Import a policy manifest into your workspace. Policies in the manifest are created or updated. By default, policies not in the manifest are left unchanged.

Requires a service key (AL_SERVICE_KEY).

# Import from a file
AL_SERVICE_KEY="al_svc_your_key" al import --file policies.yaml

# Import from stdin (pipe from export)
al export | AL_SERVICE_KEY="al_svc_your_key" al import

# Preview what would change without applying it
AL_SERVICE_KEY="al_svc_your_key" al import --file policies.yaml --dry-run

# Full sync: deactivate policies not present in the manifest
AL_SERVICE_KEY="al_svc_your_key" al import --file policies.yaml --replace

Options:

Flag Description
--file <path> Read manifest from file (default: stdin)
--dry-run Preview what would change without writing to the database
--replace Full sync mode: deactivate policies absent from the manifest

Example output:

  + 2 added:
      block-prod-deploy
      require-approval-finance
  ~ 1 modified:
      audit-all-writes
  = 5 unchanged

Import complete — 2 added, 1 modified, 0 deleted
Manifest hash: sha256:a3f1b2c4...

Policy identity: Policies are matched by name, not action type. Two policies with the same action type but different names are treated as separate policies. This means you can safely have multiple policies per action type.

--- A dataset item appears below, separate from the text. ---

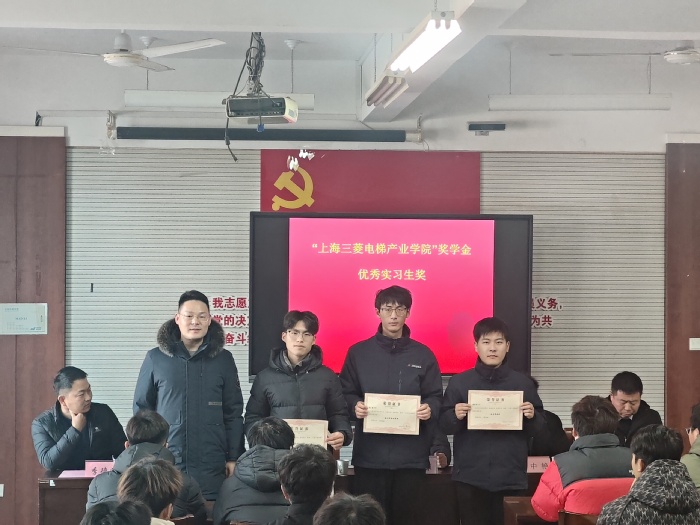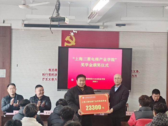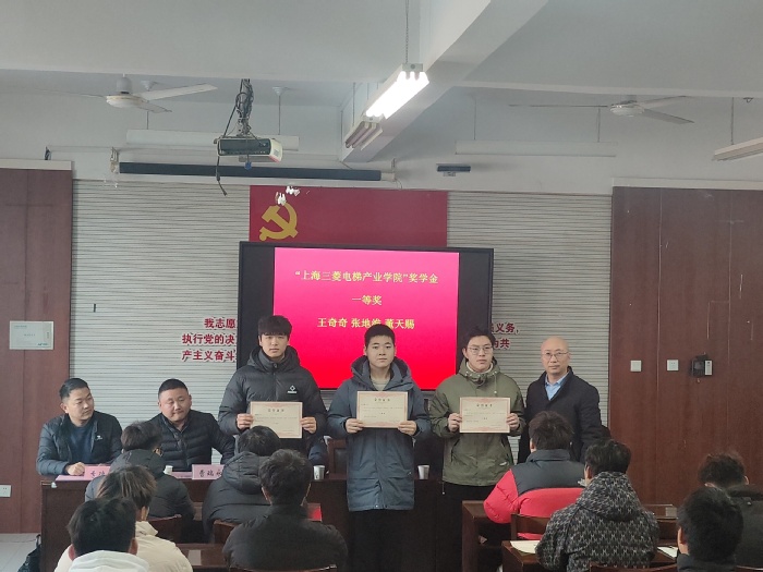 1月3日,上海三菱电梯有限公司华东一区培训分中心教务长秦勇泉、徐州分公司维保经理曹瑞永到公司必一运动颁发产业公司奖学金,成为校园资助事业从“保障型”向“发展型”大步迈进的标志。公司学工处副处长韩洪亮、必一运动副经理(主持工作)周中艳、副经理崔广军、侯春参加活动。

Every successful import writes a tamper-proof audit event recording what changed, including a SHA-256 hash of the full manifest.

Output Formats

By default, the CLI produces human-readable output. Add --json to any command for machine-parseable JSON output:

al whoami --json | jq '.capabilities'

Exit Codes

Code Meaning
0 Success / action allowed
1 Error / action denied
2 Timeout (gate only)

CI/CD Integration

GitHub Actions

- name: Gate production deploy
  env:
    AL_API_KEY: ${{ secrets.AL_API_KEY }}
  run: |
    npx @agentlattice/cli gate deploy.production \
      --metadata '{"sha": "${{ github.sha }}", "actor": "${{ github.actor }}"}'

Generic Pipeline

Any pipeline that supports shell commands can use al gate as a governance checkpoint:

#!/bin/bash
set -e

al gate deploy.production --metadata "{\"version\": \"$VERSION\"}"
# If we reach here, the action was approved
deploy_to_production

The set -e flag ensures the script exits on any non-zero exit code, which includes denials and timeouts.